Медленно надвигаюсь на него, чувствуя, как во мне все кипит и бурлит.
— Сначала вы тащите меня в подземелья, чтобы я увидела, как ваши мерзкие… эти извращенцы заставляют Рона переспать со своей младшей сестрой, а теперь вы приводите меня к себе в комнату и предлагаете выпить?
Подойдя к нему, умолкаю, заглядывая ему в глаза. На мгновение мне кажется, что он отшатнется и отступит назад, но он не без усилий остается на месте.
Не задумываясь о последствиях, с размаху даю ему звонкую пощечину.
— Вы невозможны, Люциус Малфой! — Выплевываю ему в лицо.
Он смотрит на меня так, словно ничего не произошло.
Тишина, повисшая в воздухе, вот-вот задушит нас. Наконец, Люциус делает глубокий вдох и ледяным тоном выдает:
— Ради твоего же блага, я сделаю вид, что этого не было.
Какое-то время мы молча смотрим друг на друга. Мне так много хочется сказать, но я не могу подобрать слов.
Вокруг нас так и витают невысказанные слова.
— Как вы могли позволить Эйвери так поступить? С Роном и Джинни…
Когда-то я была поражена его холодностью и отчужденностью.
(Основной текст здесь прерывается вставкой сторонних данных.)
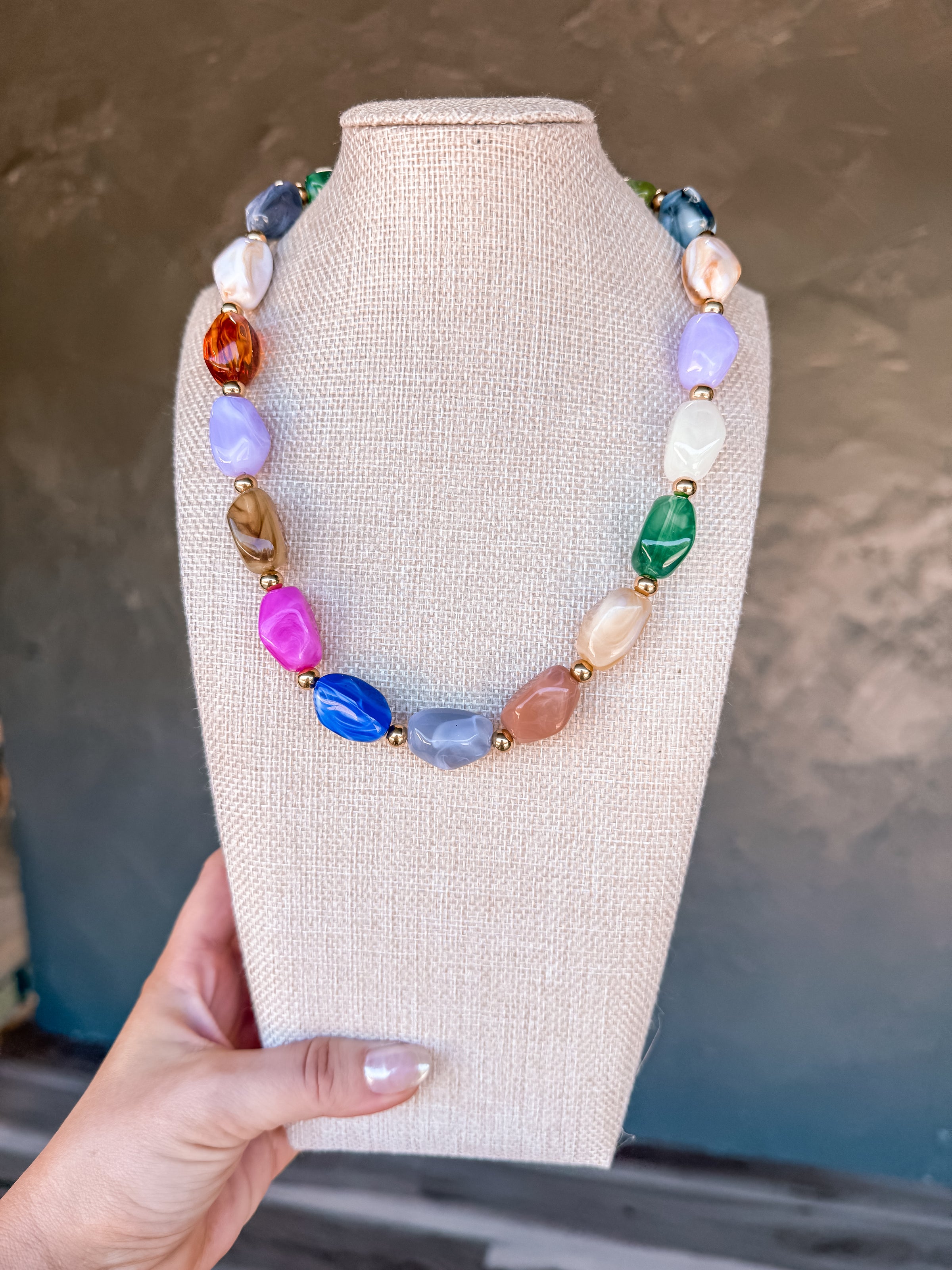 Make a bold statement with this stunning Color Love Stone Necklace! Featuring a gorgeous oversized stone pendant that catches the light beautifully, this playful piece brings instant personality to any outfit. Whether you're dressing up for a special occasion or adding flair to your everyday look, this eye-catching necklace is your go-to accessory. The substantial stone creates a striking focal point that pairs perfectly with both casual and dressed-up styles. Wear it, love it, and let your unique style shine through!

Когда-то его ледяная усмешка и колкий взгляд пугали меня до смерти.
Но это было до того, как я узнала его по-настоящему.
— Я же говорил тебе, что Уизли — не моя забота, — раздраженно бросает он. — Наказание за ошибки его семейки назначаю не я. И ты не имеешь права винить меня за то, что Эйвери…
— Но вы не остановили его, — обрываю его на полуслове. — Вы просто стояли и смотрели, позволив им с Беллатрикс творить все, что в голову взбредет! Что было бы, если бы Рон не стал умолять их? Вы бы спокойно смотрели на то, как его заставляют спать с сестрой?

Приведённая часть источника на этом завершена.